Well... I had some extra time Friday night and Saturday morning. Got her all back together, decals on, fixed the PTO indicator light, and she's running great. Plan to pick up the annual maintenance items this week (spark plugs, air filter, oil, and new battery). Next project is the deck. Some holes in the deck as to be expected so there will be some patching to do. All in all, I'm happy with how she turned out.


----------



## BigDog1956 (Jan 3, 2017)

Chad, real nice job-look's fantastic, I got mine ready to go back together, that LT grey matched and came out perfect for my fender's and rim's. look's like you did real clean work...


----------



## ChadFordMan (Mar 10, 2017)

Yours looks brand new! How long did it take you to prep your tractor for paint? Looks like you cleaned yours up great.


----------



## BigDog1956 (Jan 3, 2017)

ChadFordMan said:


> Yours looks brand new! How long did it take you to prep your tractor for paint?

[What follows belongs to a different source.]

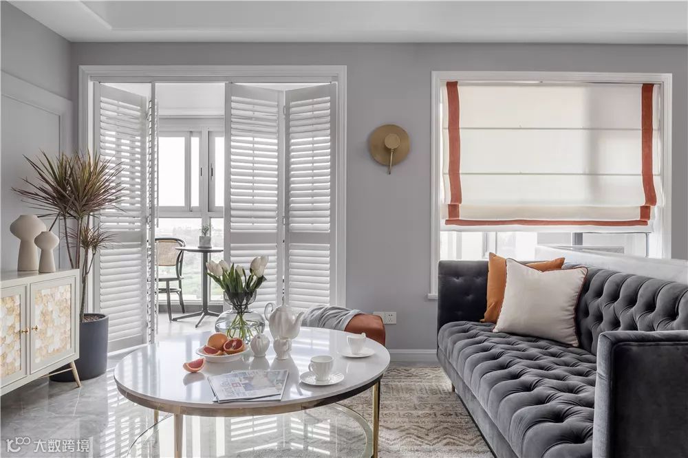 ▲复古灰色的沙发,两旁是橙色单人沙发椅与板凳,沙发上也摆了橙色的抱枕,让空间透露出一个安静的热情

Looks like you cleaned yours up great.


Chad thank's I took about 10 day's in prep work, ruined my nice rim's today from clear coating them to soon and paint wrinkled underneath, will have to wait about 2-3 week's and re-do 1 rim at a time but will atleast have tractor useable, will put hood and fender's back on Friday. I'll just pull 1 wheel at a time and re-do when it's warmer-tired of fighting this weather........


----------



## pml (Oct 5, 2020)

Sorry I'm being dense; I just picked up a YT16H (I think it is an '86) and I'm starting to prep the footwells: is that the Wimbledon White in your pics? Whatever it is, both of yours look great!


----------



## Bob Driver (Nov 1, 2017)

I've restored dozens of vintage lawn/garden tractors over the last 20 years. Been to more vintage lawn tractor shows than I care to admit, but the wife is not slow to remind me.

When it comes to paint color/hue, I don't worry much about it. I've run into guys at vintage shows that will say.... "Looks good, but that's not the correct color(s)".

I always say.... "Damn, I guess that means they are going to really beat me up on points when I show it at the Concours d'Elegance at Pebble Beach this year"...

I always restore stuff to be "working machines", not "garage queens". To me, there is just something about bringing a 50-60 year old machine back to life to the point where it can actually do the work for which it was designed, rather than looking at it over a beer, in a nice clean garage, and explaining to someone what a major battle I went through to get the right paint code. After all, I intend it to be a *WORKING* machine, not a Tucker 48

The final clear coat/top coat I eventually end up putting on all my machines is always going to be good old red Mississippi mud. It helps to convince people that I know what I'm doing if they want me to work on their $10,000 commercial Exmark, if they see I just mowed the yard with my 68 Yazoo...."But the red on the deck doesn't match the hue on the chassis"


----------



## kylespearswsi1025 (3 mo ago)

Anyone stll on this forum?


----------



## pogobill (Jan 31, 2012)

kylespearswsi1025 said:


> Anyone stll on this forum?


Yes. This is an old thread... I see you have started your own. Good idea!


----------